The cotton boll worm (_Chloridea obsoleta_, also known as _Heliothis armiger_) is a caterpillar. The parent moth lays eggs, from which the young "worms" hatch out. They bore holes and penetrate into flower-buds and young bolls, causing them to drop. Fortunately the "worms" prefer maize to cotton, and the inter-planting at proper times of maize, to be cut down and destroyed when well infested, is a method commonly employed to keep down this pest. Paris green kills it in its young stages before it has entered the buds or bolls. The boll worm is most destructive in the south-western states, where the damage done is said to vary from 2 to 60% of the crop. Taking a low average of 4%, the annual loss due to the pest is estimated at about L2,500,000, and it occupies second place amongst the serious cotton pests of the U.S.A. The boll worm is widely spread through the tropical and temperate zones. It may occur in a country without being a pest to cotton, e.g. in India it attacks various plants but not cotton. It has not yet been reported as a cotton pest in the West Indies.
The Egyptian boll worm (_Earias insulana_) is the most important insect pest in Egypt and occurs also in other parts of Africa. Indian boll worms include the same species, and the closely related _Earias fabia_, which also occurs in Egypt.
The cotton worm (_Aletia argillacea_)--also called cotton caterpillar, cotton army worm, cotton-leaf worm--is also one stage in the life-history of a moth. It is a voracious creature, and unchecked will often totally destroy a crop. In former years the annual damage done by it in the United States was assessed at L4,000,000 to L6,000,000. Dusting with Paris green is, however, an efficient remedy _if promptly applied at the outset of the attack_. The annual damage was in 1906 reduced to L1,000,000 to L2,000,000, and this on a larger area devoted to cotton than in the case of the estimate given above. It is the most serious pest of cotton in the West Indies. The Egyptian cotton worm is _Prodenia littoralis_.

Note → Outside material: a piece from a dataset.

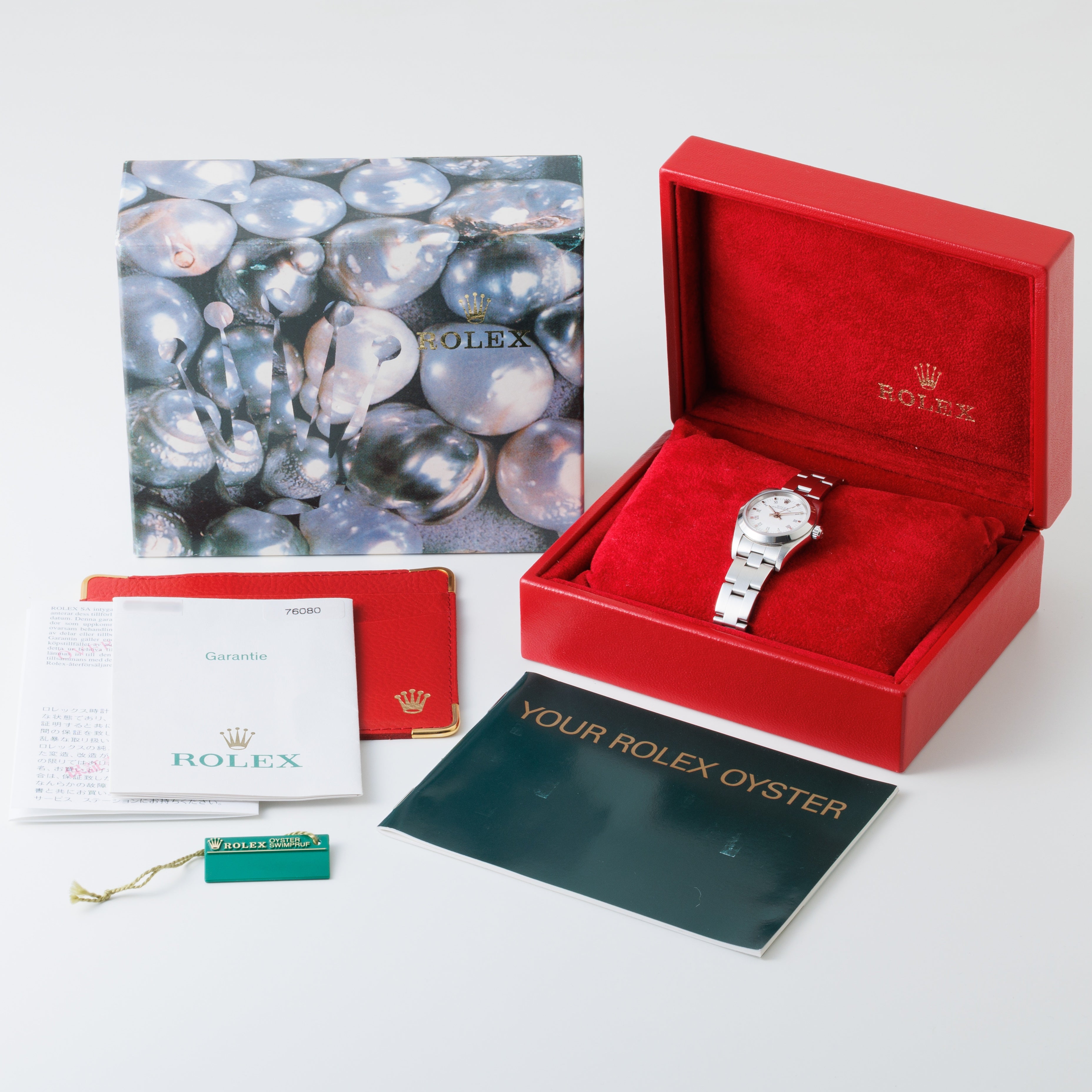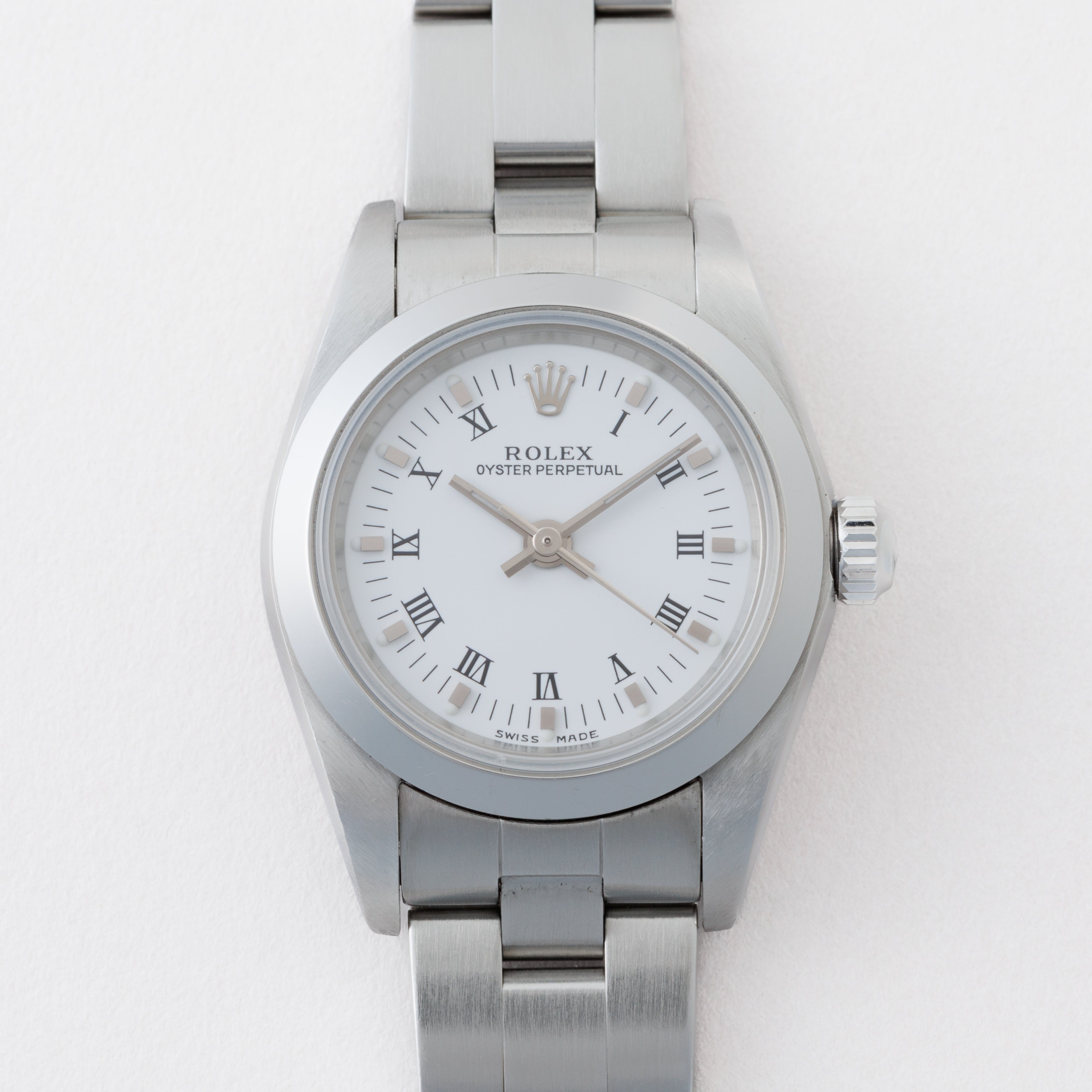 ロレックス レディース オイスターパーペチュアル 2004年製 Ref.76080 ホワイトローマンダイヤル 箱、ギャラ付き

The caterpillars ("cut worms") of various species of _Agrotis_ and other moths occur in all parts of the world and attack young cotton. They can be killed by spreading about cabbage leaves, &c., poisoned with Paris green.
Locusts, green-fly, leaf-bugs, blister mites, and various other pests also damage cotton, in a similar way to that in which they injure other crops.
The "cotton stainers," various species of _Dysdercus_, are widely distributed, occurring for example in America, the West Indies, Africa, India, &c. The larvae suck the sap from the young bolls and seeds, causing shrivelling and reduction in quantity of fibre. They are called "stainers" because their excrement is yellow and stains the fibre; also if crushed during the process of ginning they give the cotton a reddish coloration. The Egyptian cotton seed bug or cotton stainer belongs to another genus, being _Oxycarenus hyalinipennis_. Other species of this genus occur on the west coast of Africa. They do considerable damage to cotton seed.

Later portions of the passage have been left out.